The predicted S status for each soil series (in each county) depends not only on the values of the availability index (A) but also on the overall leaching index (L). The availability index (A) is primarily influenced by the rate of S mineralization, and we have already discussed some of the possible errors in the estimate of S mineralization. The overall leaching index (L) is a black box. We are certain of the direction of the effects of the various components of the overall leaching index, but we have no idea of the actual mass of S leached. For simplicity, we have treated the components of the leaching index as additive, but the true relation among them is probably not simply additive.

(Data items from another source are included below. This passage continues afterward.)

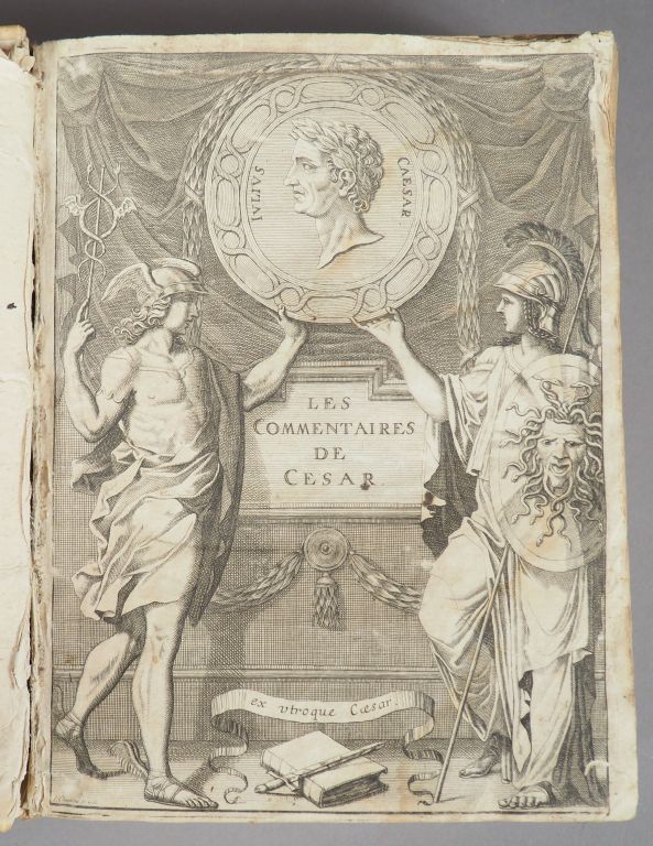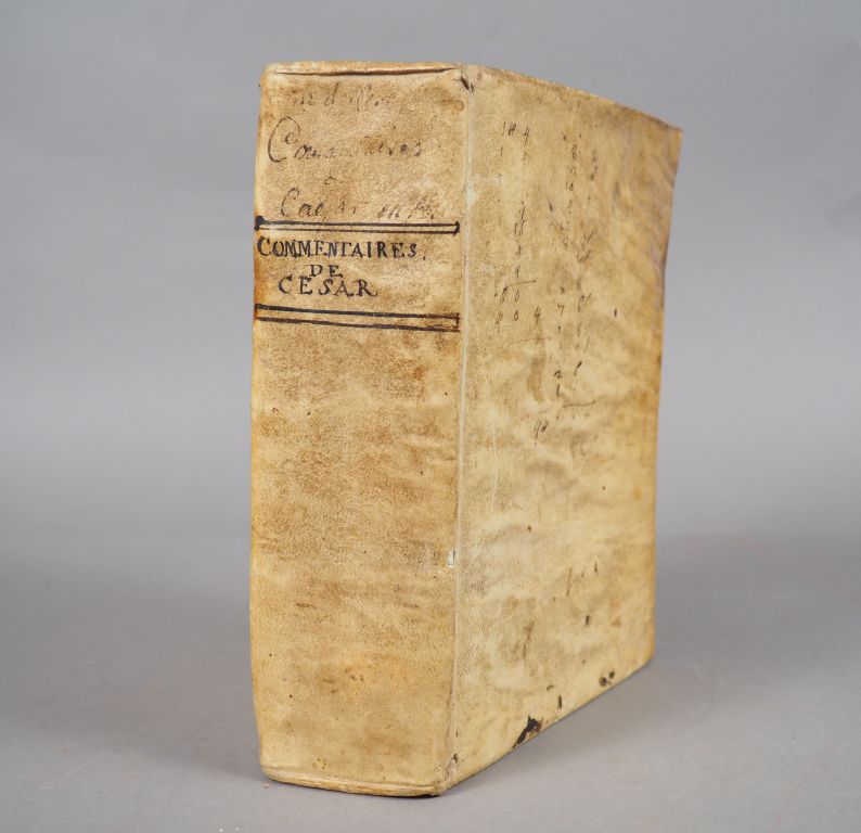 CÉSAR. Les Commentaires. Paris, J. Camusat et P. Le Petit 1650. in-4. 17 ff.n.ch.-96 pp.-623 pp.-64 pp. + table. Parchemin souple (Rel. d'époque). Frontispice, une carte et une planche dépl. La première partie est occupée par les Remarques sur la carte de l'ancienne Gaule par Sanson d'Abbeville. Traduction de Perrot d'Ablancourt. Trav. de vers en marge de quelques pages.
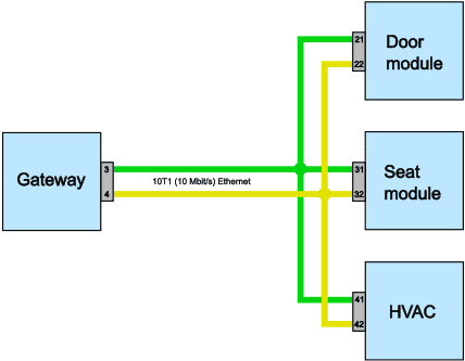 The topology of 100BASE and 1000BASE is characterized by a maximum of two ECUs communicating with each other via twisted pair Ethernet wires. This means: there is one ECU at each end of a wire pair. There are no nodes installed that connect other ECUs to this network, as seen in 10BASE Ethernet and CAN bus. In literature, you often see “module to module communication” or “ECU to ECU communication.” This refers to the topology described in this section.
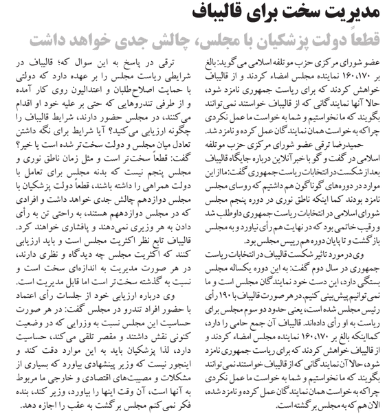 روزنامهٔ ابرار: مدیریت سخت برای قالیباف

Confidence in the ability of this model to predict crop S status may come from comparisons with field experiments. Chen et al (2005) measured alfalfa response to S fertilization for 2years on Canfield and Chili soils in Wayne County, Belmore soil in Hancock County, Negley soil in Pike County, and Rimer soil in Sandusky County. Only the Canfield soil is present in the data set in the county where crop yields were measured. The S status for the other soils may be estimated because they are present in the data set in one or more adjacent counties, but not in the county where the crop yields were measured. The Rimer soil (moderately deficient by the model) and the Belmore soil (variably to moderately deficient) did not show significant alfalfa yield responses to S fertilization. The Canfield soil (variably deficient) and the Chili soil (moderately deficient) each had a significant yield response in 1 of the 2years. The Negley soil (moderately deficient) showed a significant yield response for both crop years. Obviously, we have no knowledge of farm management practices and whether S may have been added to soils as a component of other fertilizer inputs of P and N. However, overall, agreement between the model predictions and field results are fairly reasonable and good and provide a rapid first estimate of soil that may be deficient in S when growing crops such as alfalfa or corn.

Conclusions

Crop response to a fertilizer element is greatest when that element is present in least supply. A model was developed that estimates S availability in soil to crops based on soil organic matter mineralization and inputs from rainfall and that lost from soil via leaching. This model is meant to rapidly identify soils that may be moderately or highly deficient in S and thus aid in decisions related to whether S fertilizer should be applied to soil to improve crop growth and yield.